Recorded data:
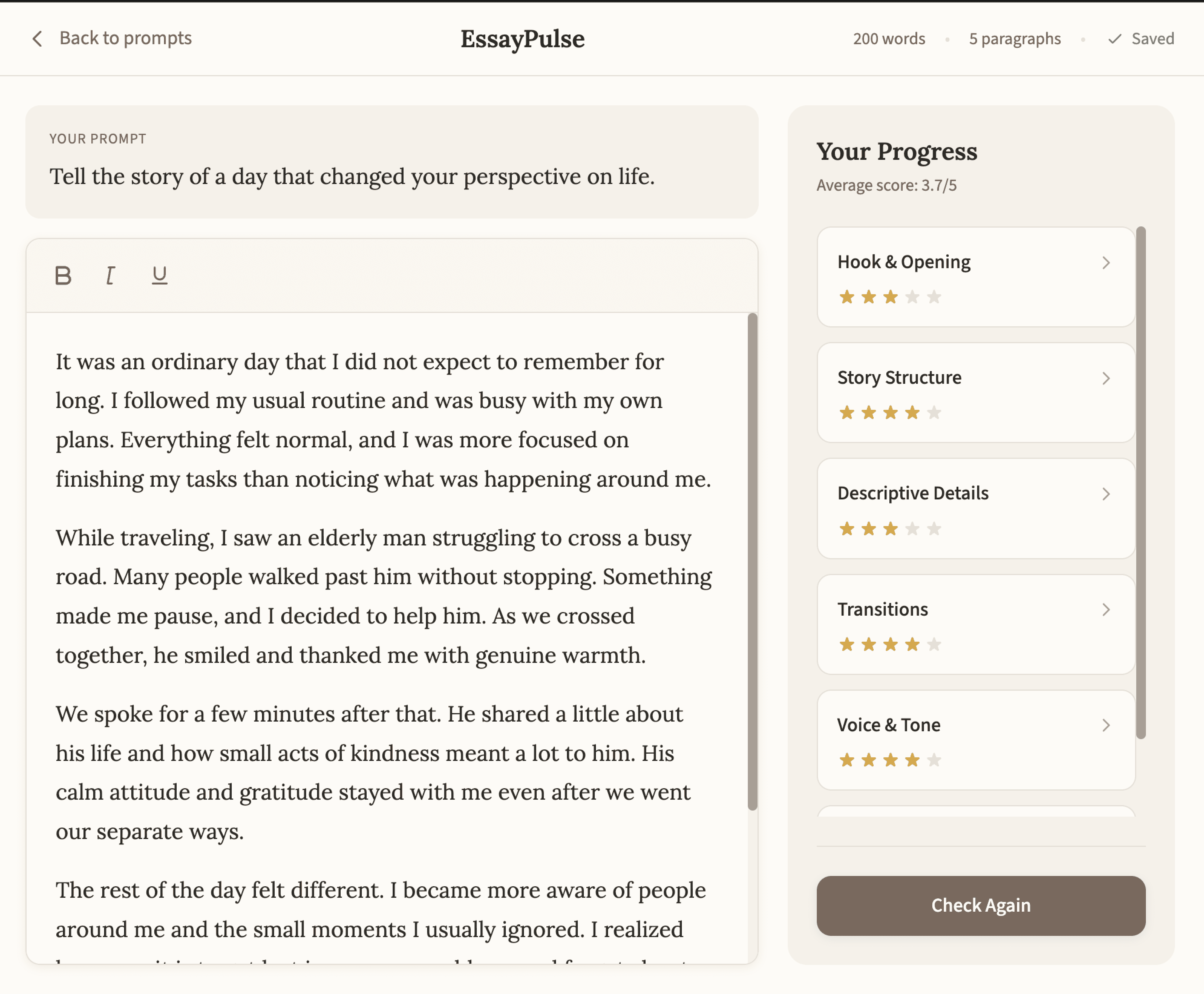 We saw a gap. What if students could get instant feedback while practicing? Not a grade, but guidance. "Your opening is strong, but your transitions need work." Something that helps them improve before the test that actually counts.
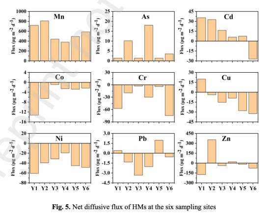 SWI凈通量:Mn/As/Cd通量為正(沉積物→上覆水),Zn/Cu/Ni通量為負(上覆水→沉積物)。
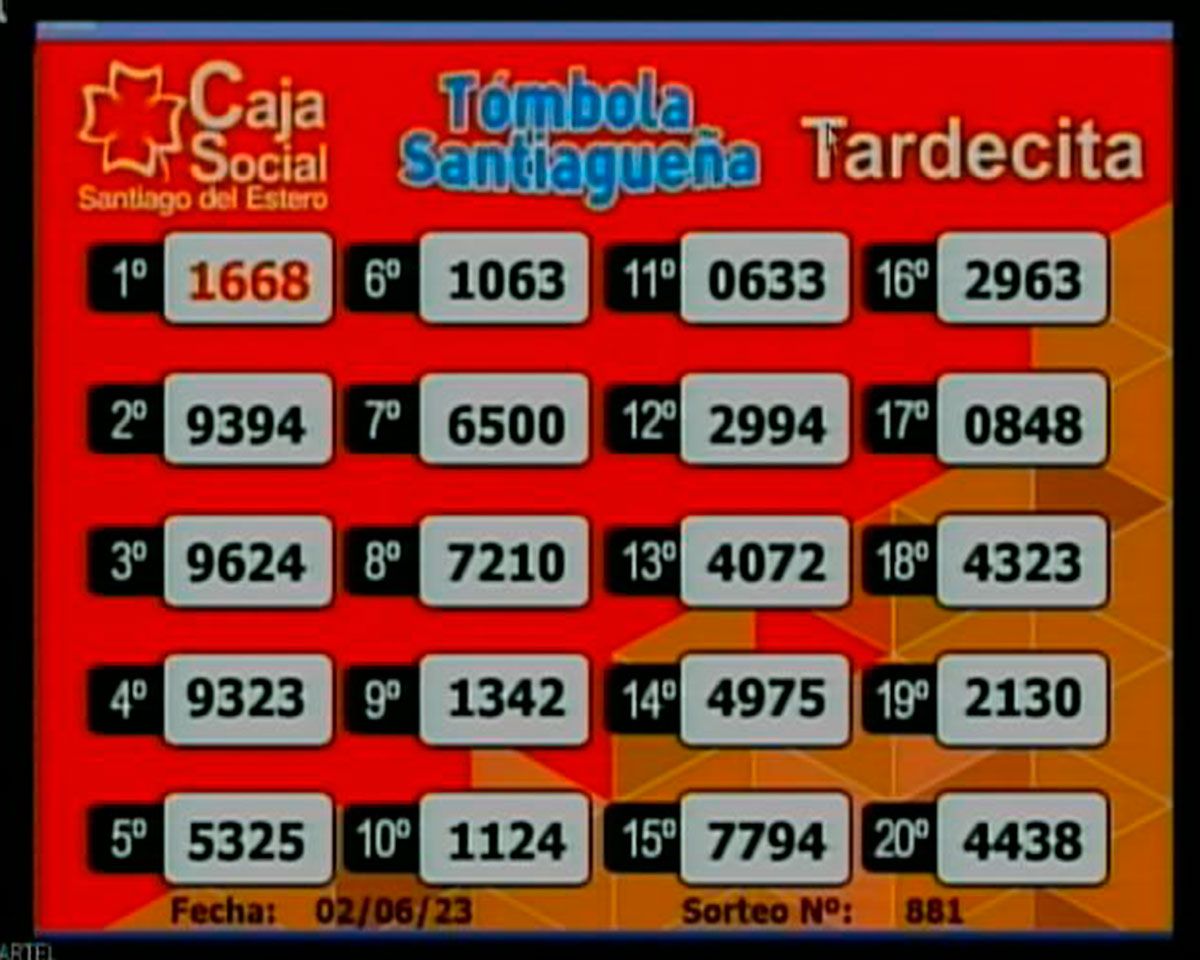 Este viernes 2 de junio del 2023, como todos los días, se llevó a cabo un nuevo sorteo de la Tómbola Santiagueña.
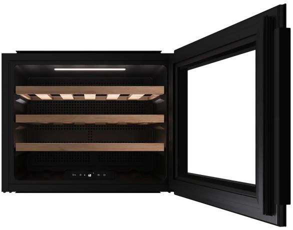 Встраиваемые холодильники для вина оснащаются специальной системой вентиляции: охлаждающая система у них находится в нижней части корпуса спереди. На такие устройства не навешивается мебельный фасад: дверца с затемненным стеклом остается на виду и открывается на достаточно широкий угол для свободного выдвижения деревянных полок.
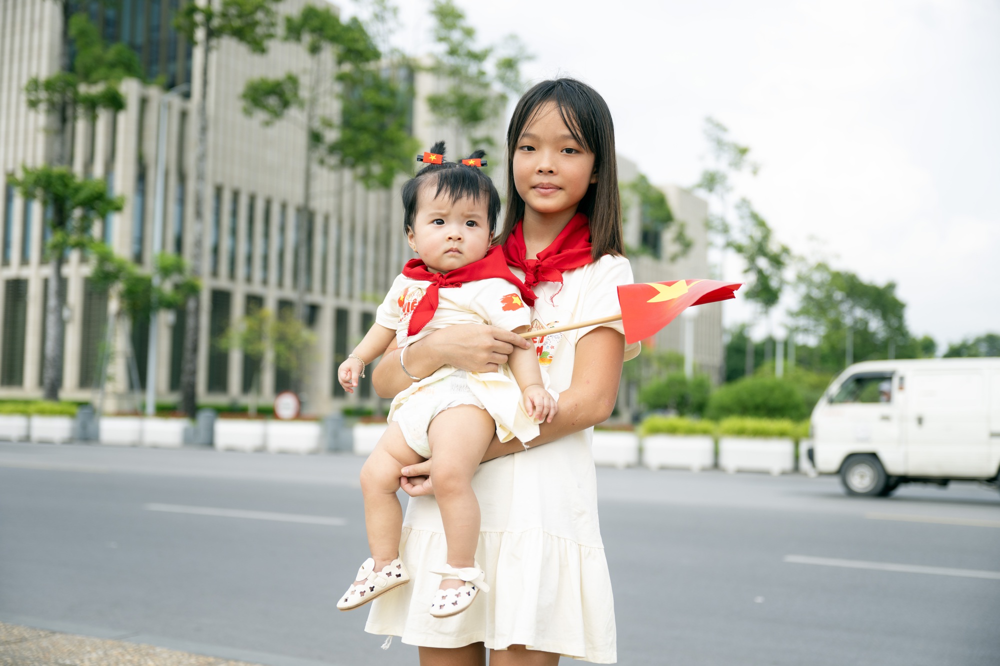 Bên cạnh hình ảnh những thiếu nữ trong tà áo dài thướt tha, nhiều phụ huynh và gia đình cũng đưa con, cháu đến Quảng trường Ba Đình trong dịp lễ lớn của dân tộc.
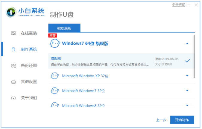 2、選擇我們所需要的win7操作系統(tǒng),點(diǎn)擊開始制作。
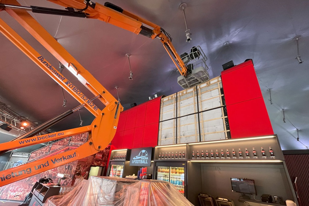 Der Installation der 6×6 dvLED-Videowall erforderte eine besondere Umsetzungslogistik. Alles musste bei laufendem Betrieb passieren und die bestehende Bar direkt darunter musste erhalten bleiben (Bild: Vogel’s)
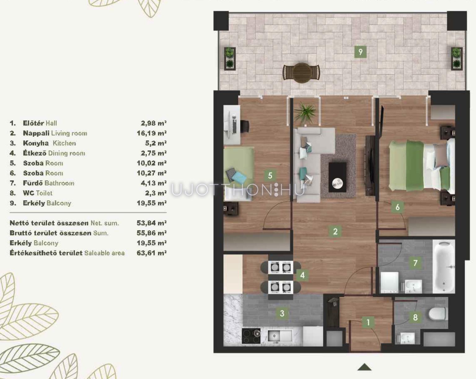 Erkély méret: 19.55 m2
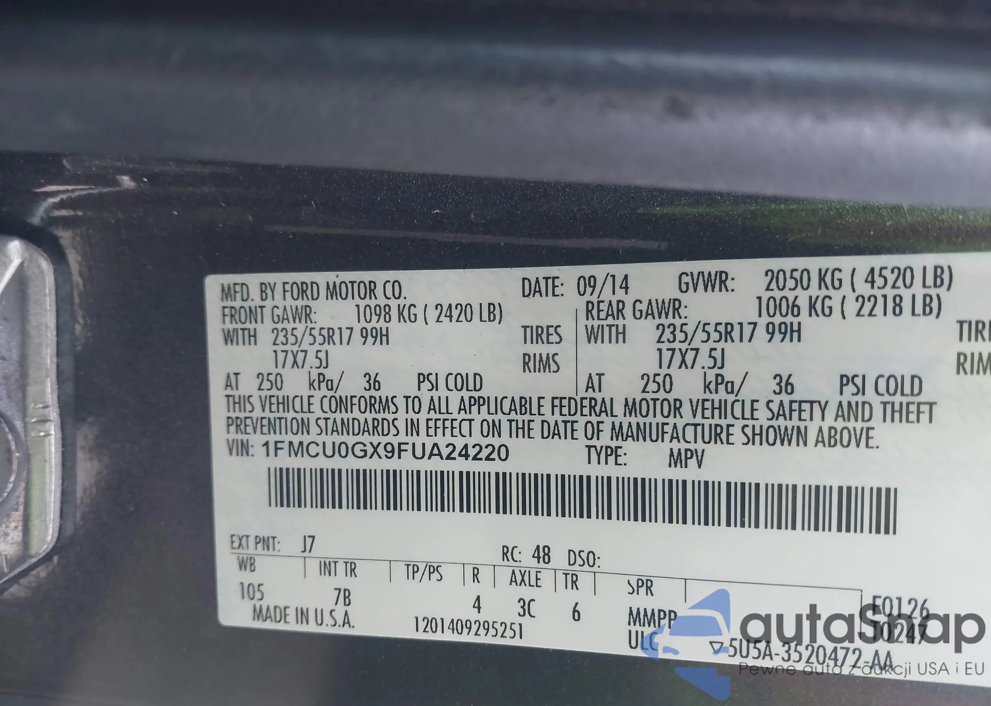 VIN: 1FMCU0GX9FUA24220

--- Exercise aim ---
After removing each picture, print the entries above exactly as they were.

--- Output for this task ---
 We saw a gap. What if students could get instant feedback while practicing? Not a grade, but guidance. "Your opening is strong, but your transitions need work." Something that helps them improve before the test that actually counts.
 SWI凈通量:Mn/As/Cd通量為正(沉積物→上覆水),Zn/Cu/Ni通量為負(上覆水→沉積物)。
 Este viernes 2 de junio del 2023, como todos los días, se llevó a cabo un nuevo sorteo de la Tómbola Santiagueña.
 Встраиваемые холодильники для вина оснащаются специальной системой вентиляции: охлаждающая система у них находится в нижней части корпуса спереди. На такие устройства не навешивается мебельный фасад: дверца с затемненным стеклом остается на виду и открывается на достаточно широкий угол для свободного выдвижения деревянных полок.
 Bên cạnh hình ảnh những thiếu nữ trong tà áo dài thướt tha, nhiều phụ huynh và gia đình cũng đưa con, cháu đến Quảng trường Ba Đình trong dịp lễ lớn của dân tộc.
 2、選擇我們所需要的win7操作系統(tǒng),點(diǎn)擊開始制作。
 Der Installation der 6×6 dvLED-Videowall erforderte eine besondere Umsetzungslogistik. Alles musste bei laufendem Betrieb passieren und die bestehende Bar direkt darunter musste erhalten bleiben (Bild: Vogel’s)
 Erkély méret: 19.55 m2
 VIN: 1FMCU0GX9FUA24220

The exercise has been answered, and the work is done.